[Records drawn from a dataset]
|---|
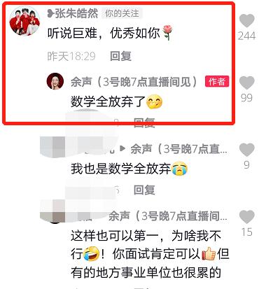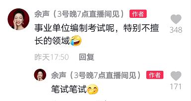 发出视频后,余声也在第一时间解答了网友们的疑惑,称自己所考的是事业单位编制考试的笔试。
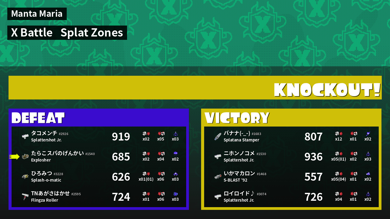 | Medals | #1 Overall Splatter #1 Enemy Splatter First Splat! | ||
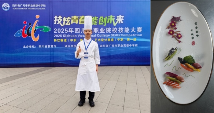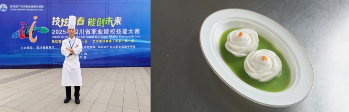 贺家林的家乡在江西省萍乡市莲花县,2024年成为李锦记希望厨师入读成都财贸职高,因为具有绘画天赋,他在食品雕刻和冷拼作品呈现上的能力脱颖而出,辅以平日的勤学苦练,多次参加校内外活动提升自我技能水平,并代表学校参加2025年度成都市中职学生技能大赛,获得团队二等奖。这次他负责的是冷拼作品《踏雪寻梅》,“这道菜的清鲜咸香味型,适配小雪节气赏雪寻梅雅趣,创意源自“窗含西岭千秋雪”,以全可食食材,用精准刀工塑造积雪、雪山的视觉效果,搭配梅枝、亭台雅致造型,还原诗意意境。”
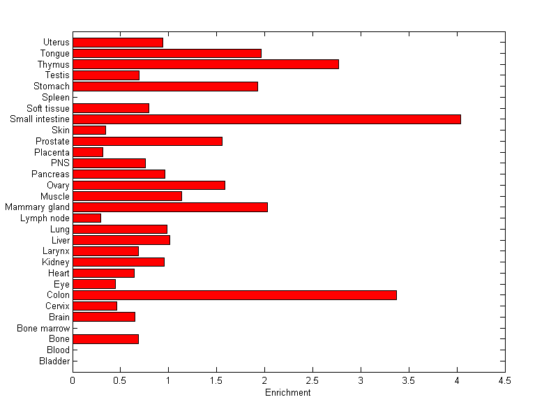 The expression level is normalized with tissue-library size. Each value for a gene in a tissue is a ratio of observed ESTs to the expected one in this tissue. The expected number of ESTs is the product of total ESTs of the gene and the fraction of total ESTs in the tissue among all ESTs in 30 tissues.
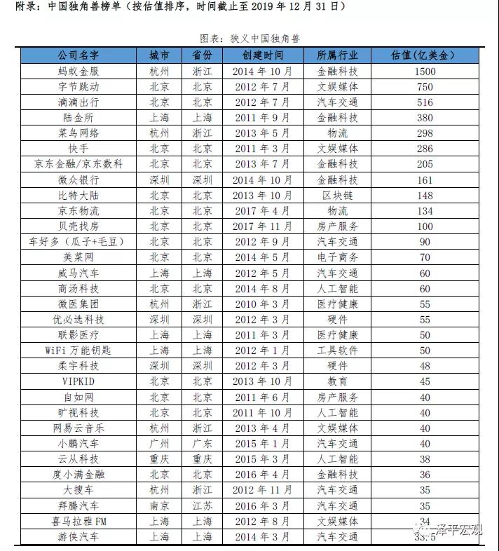 2019年中国独角兽企业数量达到218家,总估值7964亿美元,平均估值36.5亿美元,超过100亿美元(含)的超级独角兽企业共7家
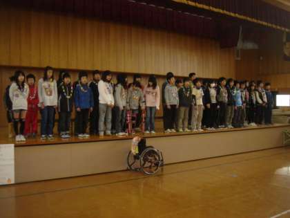 各学年の出し物が続き,6年生へのプレゼント渡しがありました。最後は,
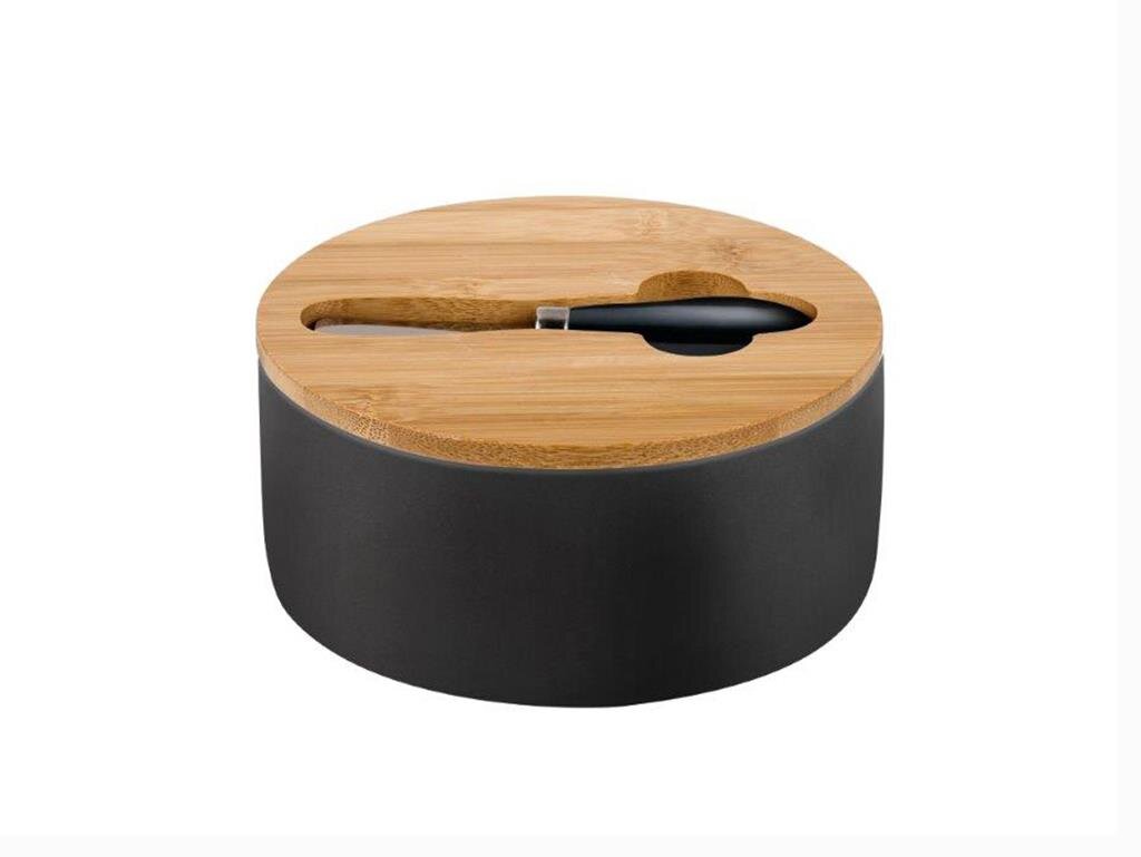 KULATÁ MÁSLENKA ADRIA S VÍČKEM A NOŽÍKEM - ČERNÁ
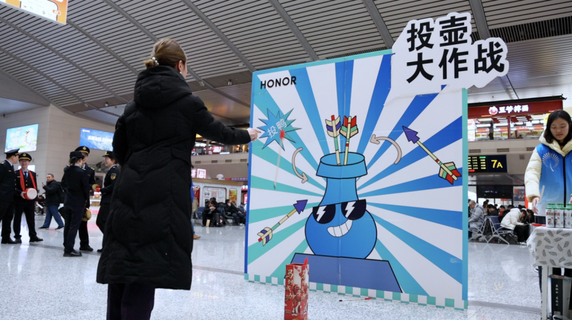 一旁的投壶游戏区传来阵阵欢笑。“本来等车挺枯燥的,这个投壶游戏既好玩又能学到安全知识,不仅打发了时间,还为旅途增添了不少乐趣。”正在参与游戏的返乡旅客李女士说。
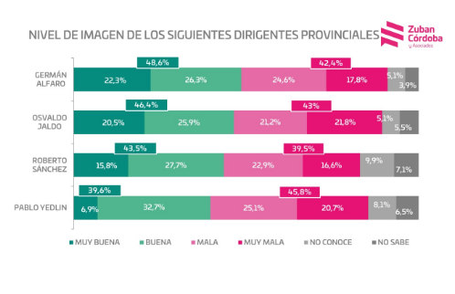 La encuesta le atribuye a Alfaro un 48,6% de imagen positiva (22,3% muy buena + 26,3% buena) contra un 43,5% de Sánchez (15,8% y 27,7% respectivamente), que también mide entre los dirigentes provinciales al periodista Omar Nóblega, y le atribuye una imagen positiva del 34,6% tras las versiones de que podría ser el candidato a intendente de su compadre Alfaro, que fuera desmentida por el propio conductor de Los Primeros. A nivel provincial, el estudio pregunta '¿quién le gustaría que sea electo como gobernador?'. Las respuestas fueron: Osvaldo Jaldo 27,2%, Germán Alfaro 23,1%, Roberto Sánchez 12,4%, Ricardo Bussi 5%.
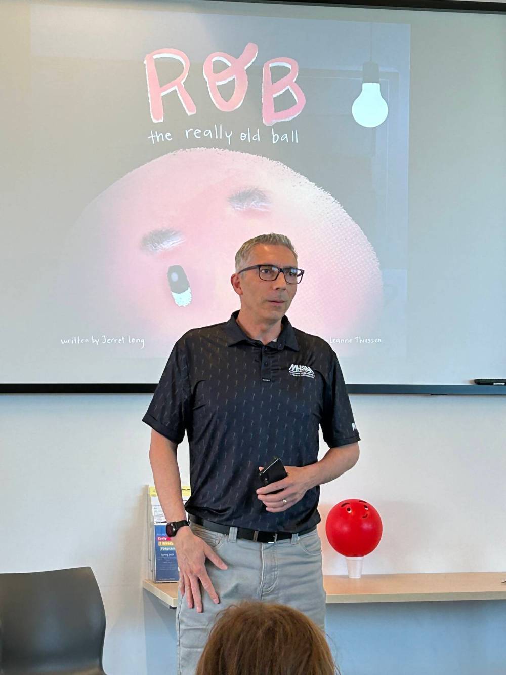 Supplied Bob, the really old ball Author Jerret Long talks to a classroom about his book.
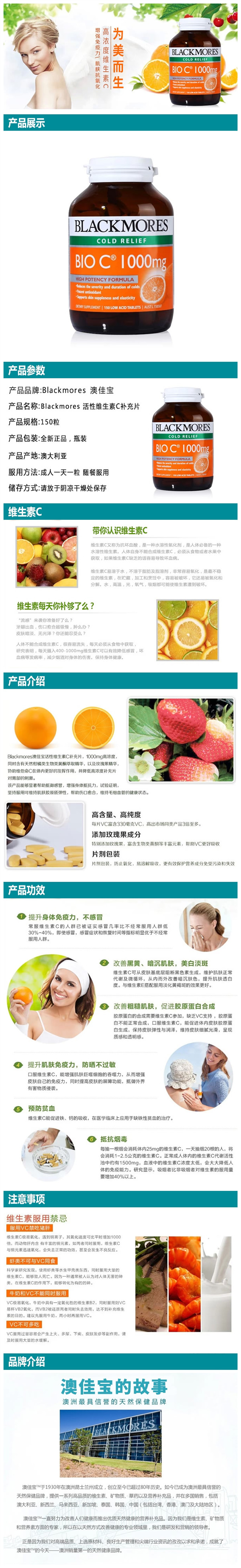 - 型 号: Blackmores 澳佳宝 天然维生素C Bio C 1000mg 150粒
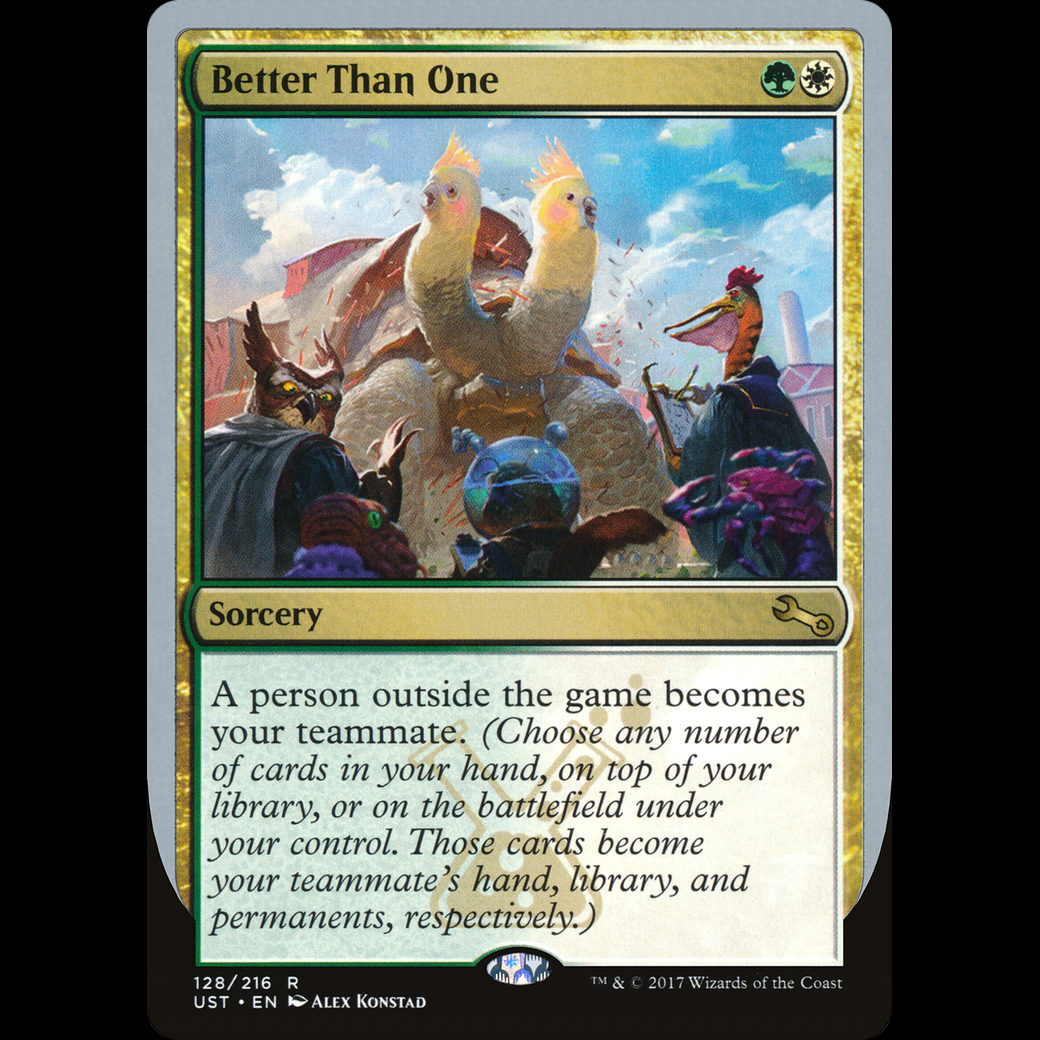 A person outside the game becomes your teammate. (Choose any number of cards in your hand, on top of your library, or on the battlefield under your control. Those cards become your teammate's hand, library, and permanents, respectively.)
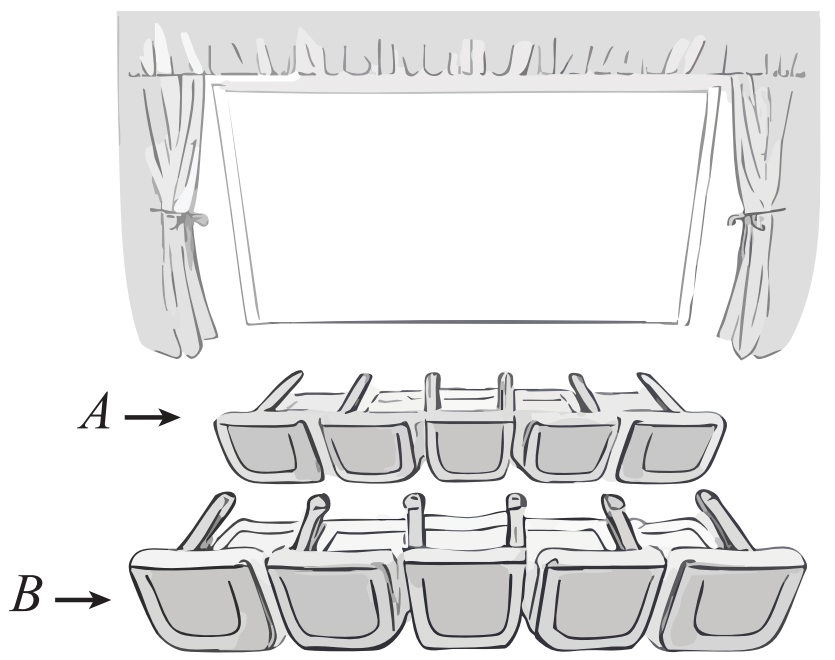 Câu 21 [1103217]: Một gia đình 5 người gồm Ông, Bà, Bố, Mẹ, và Bé đi xem phim. Ghế ngồi trong rạp phim được bố trí thành hai hàng
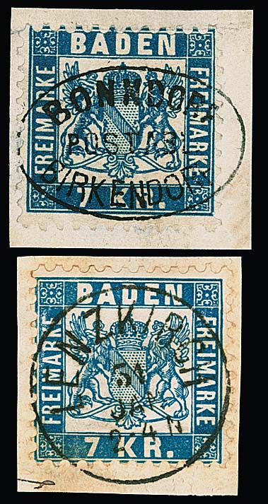 7 Kr. blau, zwei schön gest. Kabinettbriefstücke, ideal zentr. K1 "Lenzkirch" sowie Postablage "Bonndorf-Birkendorf"
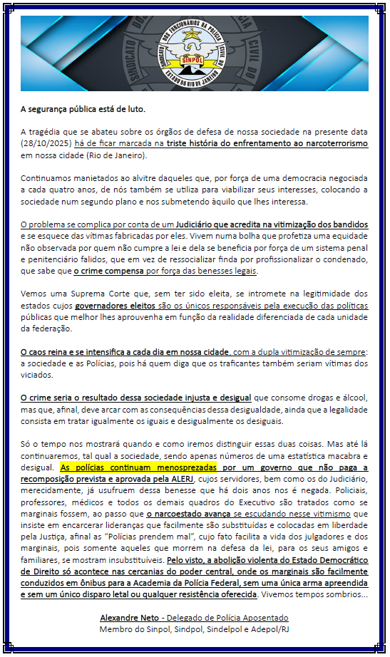 A tragédia que se abateu sobre os órgãos de defesa de nossa sociedade na presente data (28/10/2025) há de ficar marcada na triste história do enfrentamento ao narcoterrorismo em nossa cidade (Rio de Janeiro).
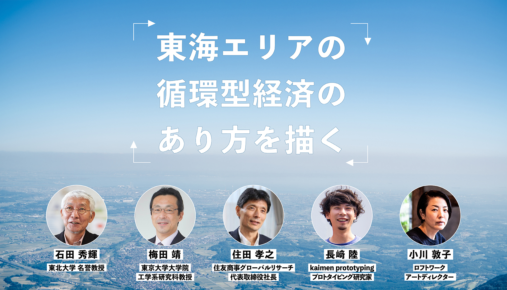 東海だからこそ実現できる循環型経済を描き実装することを目指し東海サーキュラープロジェクトを発足しました。本イベントでは、これまでのプロトタイピングから導いた仮説を発表。東北大学 石田 秀輝氏、東京大学大学院梅田 靖氏、住友商事グローバルリサーチ代表 住田 孝之氏をお招きし、いかにサーキュラーエコノミーをビジネスの現場に定着させていくか議論を深めます。
|---|
:: What you will do ::
Please extract exactly the lines of the data, from the first through the line containing "贺家林的家乡在江西省萍乡市莲", and add no pictures to the copy.

:: Answer for the task ::
 发出视频后,余声也在第一时间解答了网友们的疑惑,称自己所考的是事业单位编制考试的笔试。
 | Medals | #1 Overall Splatter #1 Enemy Splatter First Splat! | ||
 贺家林的家乡在江西省萍乡市莲花县,2024年成为李锦记希望厨师入读成都财贸职高,因为具有绘画天赋,他在食品雕刻和冷拼作品呈现上的能力脱颖而出,辅以平日的勤学苦练,多次参加校内外活动提升自我技能水平,并代表学校参加2025年度成都市中职学生技能大赛,获得团队二等奖。这次他负责的是冷拼作品《踏雪寻梅》,“这道菜的清鲜咸香味型,适配小雪节气赏雪寻梅雅趣,创意源自“窗含西岭千秋雪”,以全可食食材,用精准刀工塑造积雪、雪山的视觉效果,搭配梅枝、亭台雅致造型,还原诗意意境。”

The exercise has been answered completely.